Les banques ne jouent pas efficacement leur rôle dans la collecte des ressources, a déploré hier le gouverneur de la Banque d’Algérie (BA), Mohamed Loukal, appelant ainsi une nouvelle fois les établissements bancaires à ne pas dissuader l’épargne en exigeant des justifications arbitraires sur l’origine des fonds.
«La collecte de la ressource est du ressort des banques et le renseignement financier relève d’autres institutions», a signifié en ce sens le premier responsable de la Banque centrale, à l’occasion d’un symposium à la Safex (Alger) sur le thème de la place financière algérienne et la finance alternative.

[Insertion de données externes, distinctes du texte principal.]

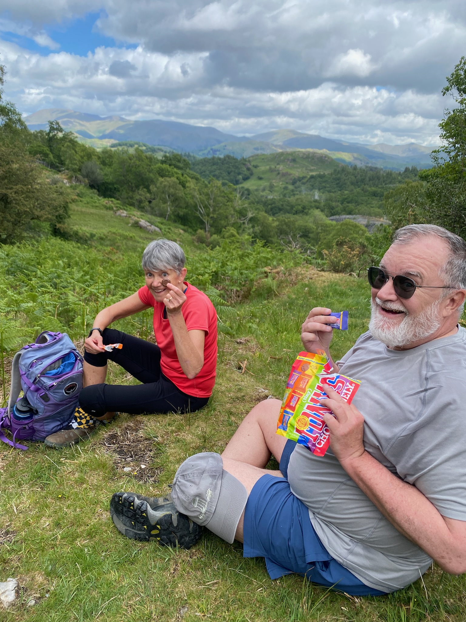I knew from the route elevation profile that this was the last big ascent, and so after we’d summited and were hiking along an undulating but straightforward section, I suggested a halt. It was perfect. We found a grassy bit, unspoiled by sheep shit, and sat down. Karen had cleverly packed some of the most delicious chocolate known to man, in a mouth-watering variety, packaged in a perfect one-bite size.

Rappelant les directives adressées récemment à l’ensemble des banques de la place, les exhortant à cesser d’exiger, lors de tout dépôt de fonds, des justificatifs au-delà de ceux liés à l’identité du client, Mohamed Loukal s’est montré pour le moins très critique à l’égard du secteur bancaire, qui, selon lui, «s’est enfermé dans une situation qui l’a amené à faire trop de zèle quant au respect des dispositions de la loi relative à la lutte contre le blanchiment d’argent».

Les banques sont même passées de l’exigence de justification d’origine des fonds à d’autres liées carrément à l’objet de l’opération, a fustigé le gouverneur de la BA, en relatant l’exemple d’un client d’une agence bancaire depuis plus de vingt ans et qui s’est vu demander des justificatifs lors d’un dépôt d’un chèque provenant de la vente de son bien immobilier.

L’inclusion financière, a-t-il regretté en ce sens, «est restée timide, alors que le contexte actuel est particulièrement sensible et que les banques devraient œuvrer à collecter au maximum les ressources qui continuent à circuler hors circuits bancaires».

Des ressources estimées à quelque 4780 milliards de dinars, dont 1500 à 2000 milliards de dinars d’argent thésaurisés, tandis que le reste circule dans les circuits informels, a-t-il rappelé.

Pour capter cette importante masse monétaire qui n’intègre pas le système bancaire, «il faut développer des produits et des instruments modernes, ainsi que les outils de l’inclusion financière», a encore insisté le gouverneur, avertissant que «si, jusque-là, la politique monétaire a été assez accommodante, le refinancement des banques devra au fur et à mesure s’effectuer à des taux plus coûteux».

S’agissant, par ailleurs, du développement de la finance islamique, le premier responsable de la Banque centrale a annoncé, dans une déclaration à la presse, qu’un nouveau règlement sera promulgué très prochainement en vue d’encadrer la gestion des produits financiers alternatifs au niveau des banques.

En attendant, a-t-il fait savoir, «les banques de la place qui activent dans la finance islamique peuvent déjà le faire très normalement dans le cadre de la loi sur la monnaie et le crédit (LMC)», dont il n’y a donc pas lieu de changer les dispositions, selon ses propos.

Dans le même ordre d’idées, le ministre des Finances, Abderrahmane Raouia, a plaidé de son côté en faveur du développement d’une plus grande offre de produits financiers afin de capter, a-t-il dit, «les fonds qui circulent hors banques et lutter ainsi contre les circuits informels». La rareté de la ressource, alors que la demande est en constante croissance, rend pertinent le développement de nouveaux instruments d’inclusion financière, a-t-il souligné en conclusion.